◆ **The task**
Please return the full listing exactly as written, with the images removed.

◆ **Data extract**
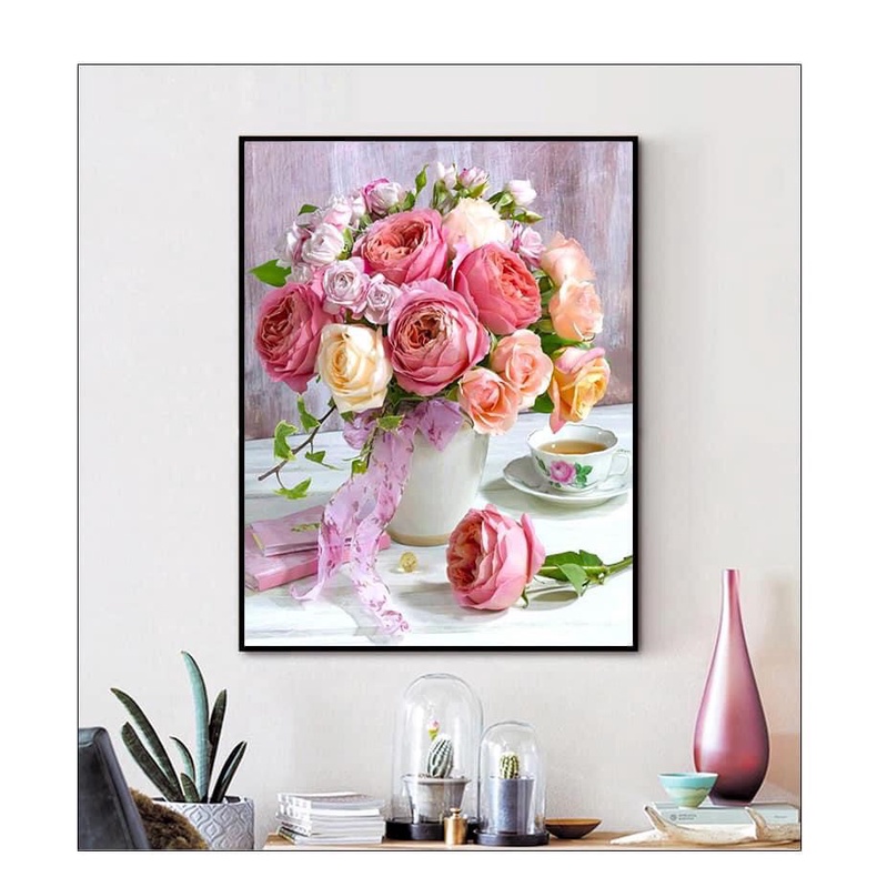 Giới thiệu Tranh thêu Bình Hoa Hồng LV3407, MN0231, HH0911, MN0237 tranh chưa thêu
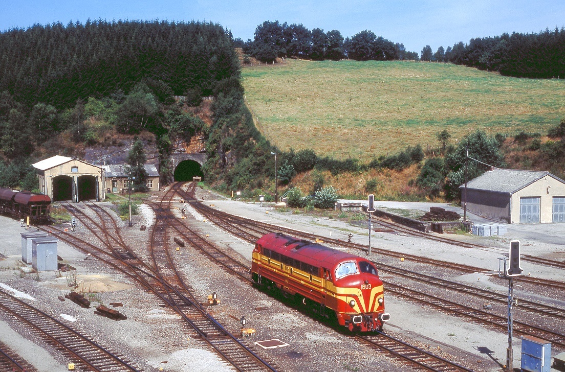 E-Lok 4017, mit der neuen Werbung, hat ihren Zug in den Bahnhof von Troisvierges geschoben und wartet nun auf die nächste Fahrt nach Mersch am 23.03.08.
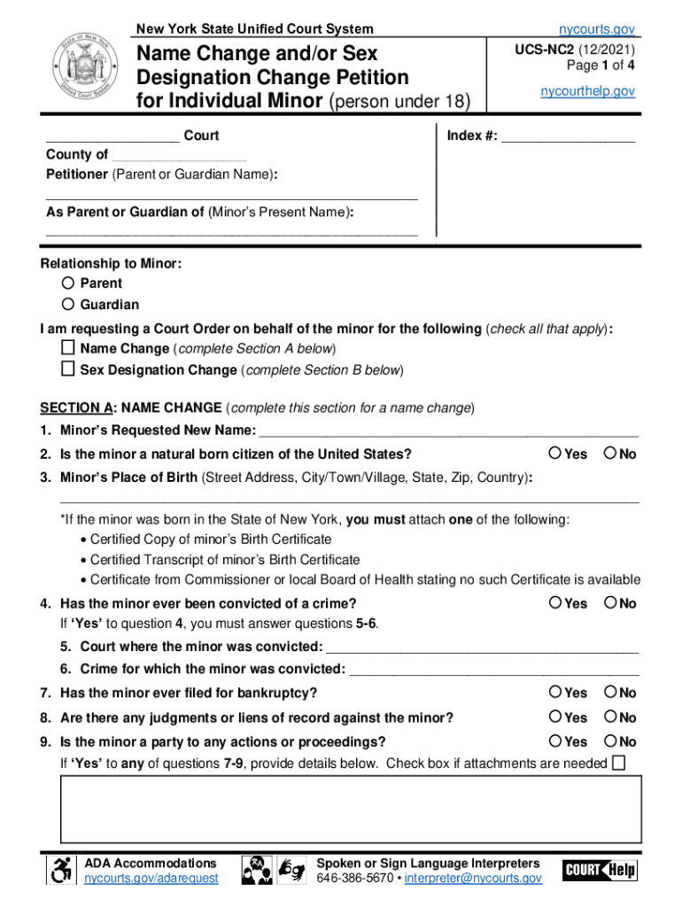 Reset Former York State United Court Systemize Change and/or Sex Designation Change Petition for Individual Minor (person under 18) ___ Court County of ___ Petitioner (Parent or Guardian Name): ___
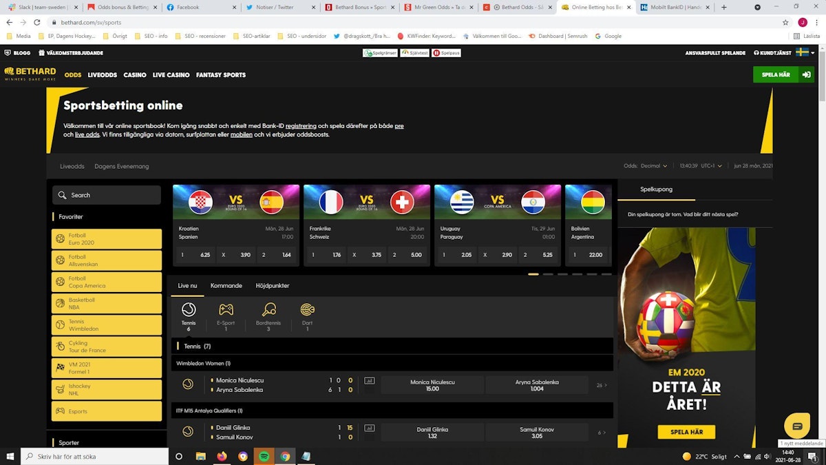 Sajten är smart uppbyggd för live betting och det är enkelt att navigera sig runt på livebetting sektionen.
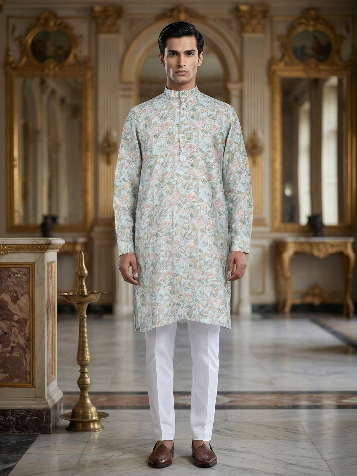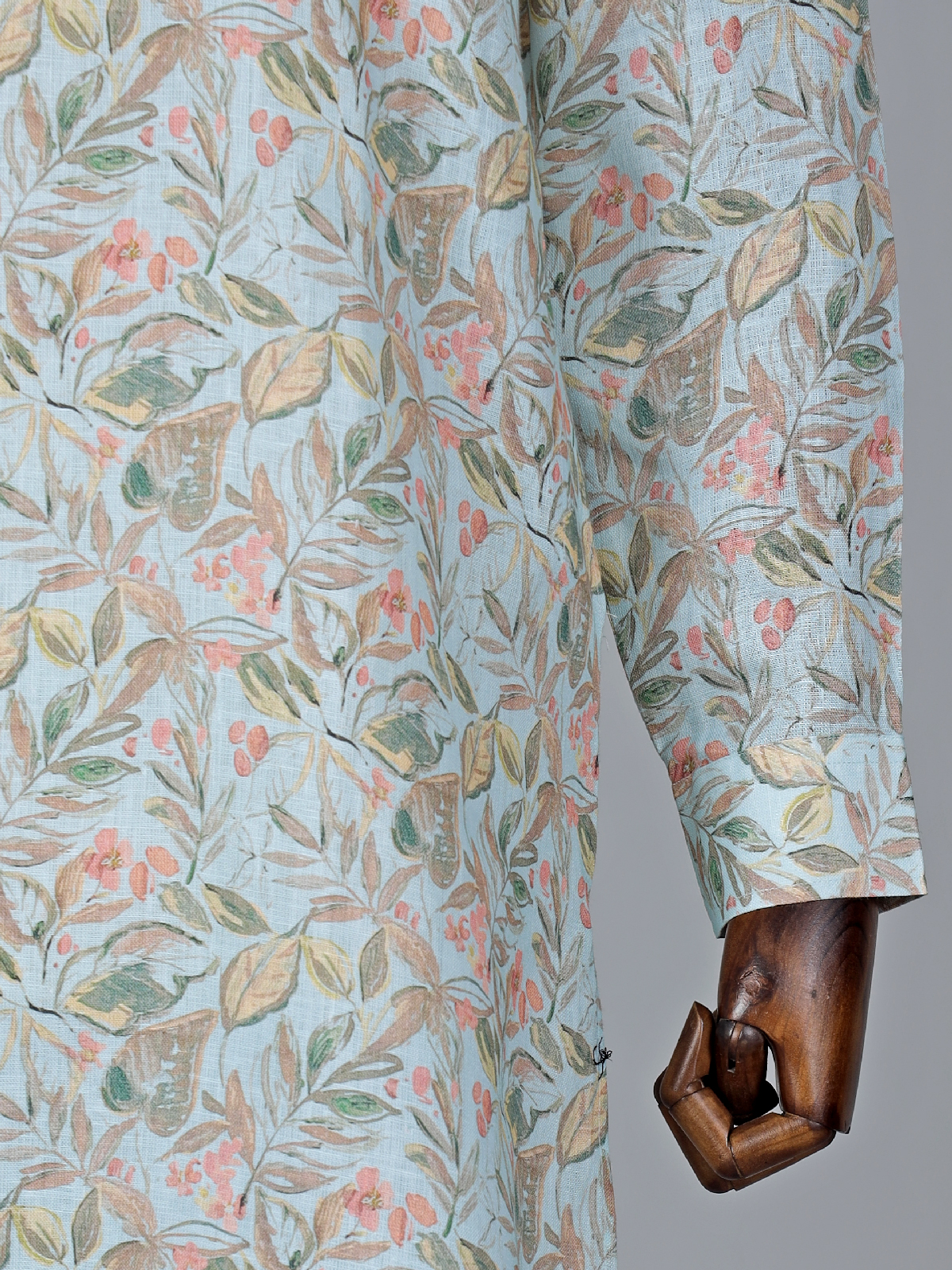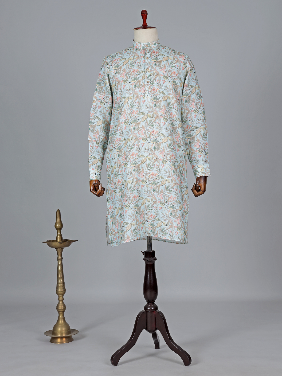 State your ethnic look with this sky blue cotton kurta suit. The leaf print gives it a modern look at any festive occasion. It has the Mandarin and full sleeves. A bottom complete the entire look.
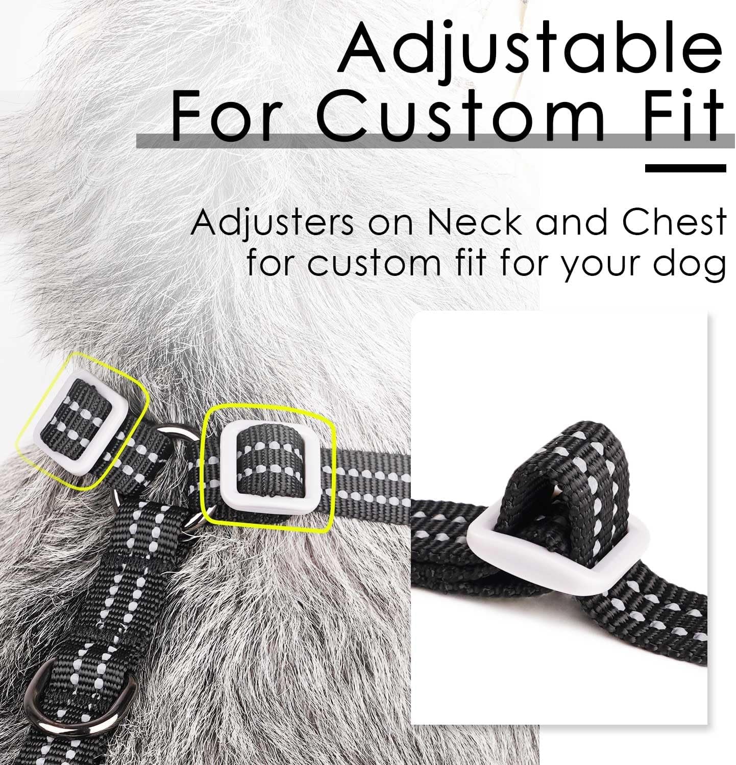 - ADJUSTABLE HARNESS: The Thinkpet's pet vest harness has 4 adjustable sliding straps, and both the neck and chest straps can be used to adjust the tightness, providing your pet with a suitable fit without worrying about falling off or choking. ▲ Please ensure there is space for two fingers between the harness and the pet's body.
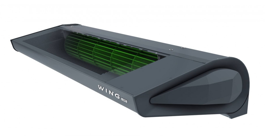 Kurtyna powietrza WING o szerokości 100cm, 150cm lub 200cm. Występująca w wariantach z nagrzewnicą wodną lub elektryczną oraz bez nagrzewnicy. Dostępna kolorystyka: biała (RAL9016) oraz szara (RAL7016).
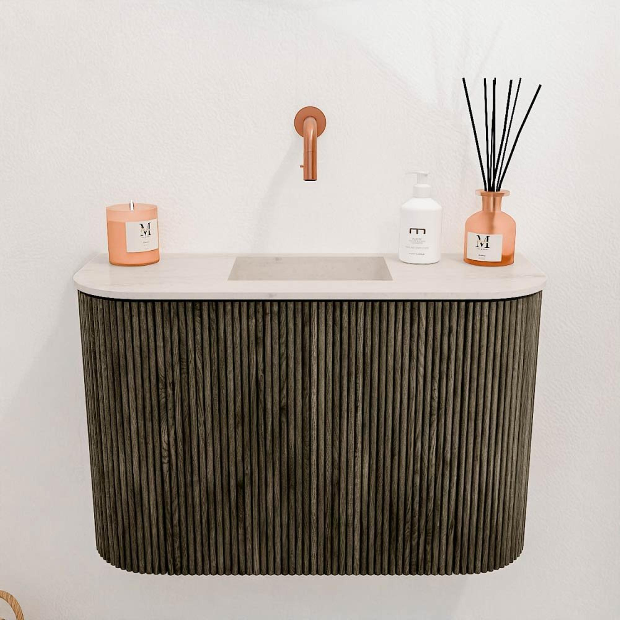 Met dit prachtige meubel geef je jouw toilet een stijlvolle en functionele upgrade. Het combineert een verfijnde uitstraling met slimme details die jouw badkamer direct een luxueuze sfeer geven. Dankzij de subtiele rondingen aan beide zijden en de elegante verticale ribbelstructuur krijgt het meubel een tijdloos karakter dat moeiteloos past in diverse interieurstijlen. De warme, donkere kleur Shadow zorgt voor een rustige en moderne uitstraling, terwijl de wastafel in de zachte Meli-kleur een fraai contrast biedt. Dit meubel is niet alleen een lust voor het oog, maar ook uiterst praktisch: de centrale positie van de wastafel zonder kraangat geeft je alle vrijheid om de kraan naar wens te kiezen en te plaatsen. Zo geniet je van een perfecte balans tussen design en gebruiksgemak, waardoor jouw toiletruimte een plek wordt waar je elke dag met plezier bent.
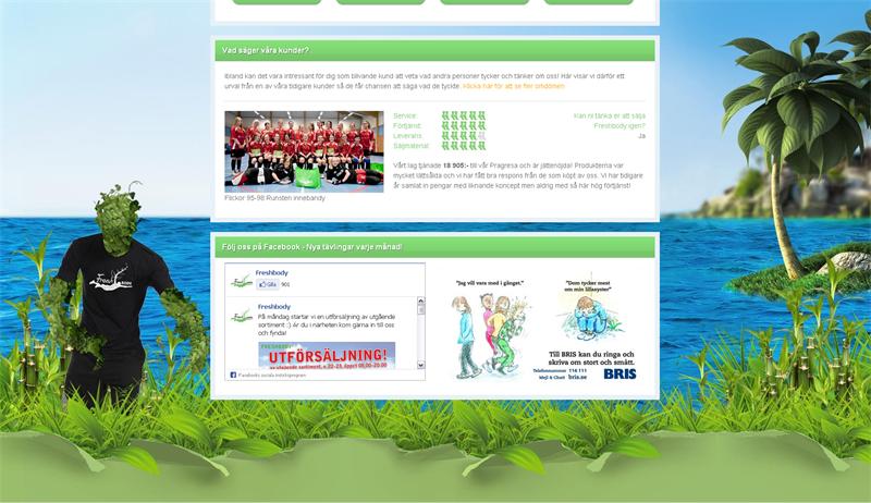 Freshbody utvecklar själv sin egen webbplats men behövde hjälp att ta fram ett djungelliknande tema för deras webbplats. I samarbete med Lundberg & Co levererade vi en bakgrundsbild med mycket grönska.
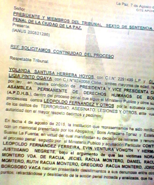 Una nota firmada por la presidenta de la APDHB, Yolanda Herrera, y la vicepresidenta, Ligia Pinto, ingresó ayer al Tribunal Sexto de Sentencia en lo Penal de La Paz con referencia: “Solicitamos la continuidad del proceso” en contra de Leopoldo Fernández, por la supuesta comisión de los delitos de terrorismo, asesinato, lesiones y otros. Una vez más, aseguraron que los juristas dependientes de esa institución, actuaron de manera personal cuando presentaron un memorial para desistir acusaciones contra la exautoridad pandina.
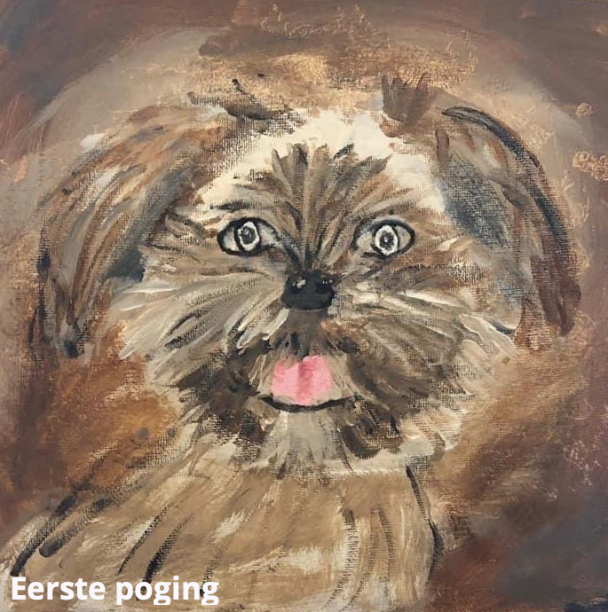 Toen ik Ineke voor het eerst wat beter leerde kennen waren we op de vakantieweek van het Meester Geertshuis. Ik zag meteen dat ze talent had voor tekenen, zelf zag ze dat nog niet. Ze wilde heel graag dat ik haar hondjes zou schilderen. Ik zei: 'als je bij mij op les komt dan kun je het zelf', maar eerst zag ze dat helemaal niet zitten. Toen heb ik als verrassing Jenny voor haar geschilderd, dit hondje was pas overleden. Ze was heel blij met het schilderij en ze wilde dat ik ook het andere hondje, Kiki, zou schilderen. Dat deed ik natuurlijk niet, haha!
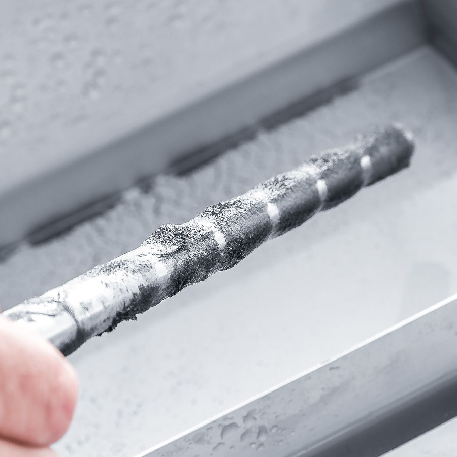 Une pompe à membrane insensible à l’encrassement achemine l’eau de refroidissement jusqu’à l’unité d’affûtage. Toute surchauffe des tranchants lors de l’affûtage est ainsi exclue. La matière enlevée est collectée dans le réservoir à eau. Une tige aimantée sépare la zone sale de la zone propre. Cela empêche le retour de la matière enlevée dans le circuit de refroidissement.

◆ **Reply to the exercise**
 Giới thiệu Tranh thêu Bình Hoa Hồng LV3407, MN0231, HH0911, MN0237 tranh chưa thêu
 E-Lok 4017, mit der neuen Werbung, hat ihren Zug in den Bahnhof von Troisvierges geschoben und wartet nun auf die nächste Fahrt nach Mersch am 23.03.08.
 Reset Former York State United Court Systemize Change and/or Sex Designation Change Petition for Individual Minor (person under 18) ___ Court County of ___ Petitioner (Parent or Guardian Name): ___
 Sajten är smart uppbyggd för live betting och det är enkelt att navigera sig runt på livebetting sektionen.
 State your ethnic look with this sky blue cotton kurta suit. The leaf print gives it a modern look at any festive occasion. It has the Mandarin and full sleeves. A bottom complete the entire look.
 - ADJUSTABLE HARNESS: The Thinkpet's pet vest harness has 4 adjustable sliding straps, and both the neck and chest straps can be used to adjust the tightness, providing your pet with a suitable fit without worrying about falling off or choking. ▲ Please ensure there is space for two fingers between the harness and the pet's body.
 Kurtyna powietrza WING o szerokości 100cm, 150cm lub 200cm. Występująca w wariantach z nagrzewnicą wodną lub elektryczną oraz bez nagrzewnicy. Dostępna kolorystyka: biała (RAL9016) oraz szara (RAL7016).
 Met dit prachtige meubel geef je jouw toilet een stijlvolle en functionele upgrade. Het combineert een verfijnde uitstraling met slimme details die jouw badkamer direct een luxueuze sfeer geven. Dankzij de subtiele rondingen aan beide zijden en de elegante verticale ribbelstructuur krijgt het meubel een tijdloos karakter dat moeiteloos past in diverse interieurstijlen. De warme, donkere kleur Shadow zorgt voor een rustige en moderne uitstraling, terwijl de wastafel in de zachte Meli-kleur een fraai contrast biedt. Dit meubel is niet alleen een lust voor het oog, maar ook uiterst praktisch: de centrale positie van de wastafel zonder kraangat geeft je alle vrijheid om de kraan naar wens te kiezen en te plaatsen. Zo geniet je van een perfecte balans tussen design en gebruiksgemak, waardoor jouw toiletruimte een plek wordt waar je elke dag met plezier bent.
 Freshbody utvecklar själv sin egen webbplats men behövde hjälp att ta fram ett djungelliknande tema för deras webbplats. I samarbete med Lundberg & Co levererade vi en bakgrundsbild med mycket grönska.
 Una nota firmada por la presidenta de la APDHB, Yolanda Herrera, y la vicepresidenta, Ligia Pinto, ingresó ayer al Tribunal Sexto de Sentencia en lo Penal de La Paz con referencia: “Solicitamos la continuidad del proceso” en contra de Leopoldo Fernández, por la supuesta comisión de los delitos de terrorismo, asesinato, lesiones y otros. Una vez más, aseguraron que los juristas dependientes de esa institución, actuaron de manera personal cuando presentaron un memorial para desistir acusaciones contra la exautoridad pandina.
 Toen ik Ineke voor het eerst wat beter leerde kennen waren we op de vakantieweek van het Meester Geertshuis. Ik zag meteen dat ze talent had voor tekenen, zelf zag ze dat nog niet. Ze wilde heel graag dat ik haar hondjes zou schilderen. Ik zei: 'als je bij mij op les komt dan kun je het zelf', maar eerst zag ze dat helemaal niet zitten. Toen heb ik als verrassing Jenny voor haar geschilderd, dit hondje was pas overleden. Ze was heel blij met het schilderij en ze wilde dat ik ook het andere hondje, Kiki, zou schilderen. Dat deed ik natuurlijk niet, haha!
 Une pompe à membrane insensible à l’encrassement achemine l’eau de refroidissement jusqu’à l’unité d’affûtage. Toute surchauffe des tranchants lors de l’affûtage est ainsi exclue. La matière enlevée est collectée dans le réservoir à eau. Une tige aimantée sépare la zone sale de la zone propre. Cela empêche le retour de la matière enlevée dans le circuit de refroidissement.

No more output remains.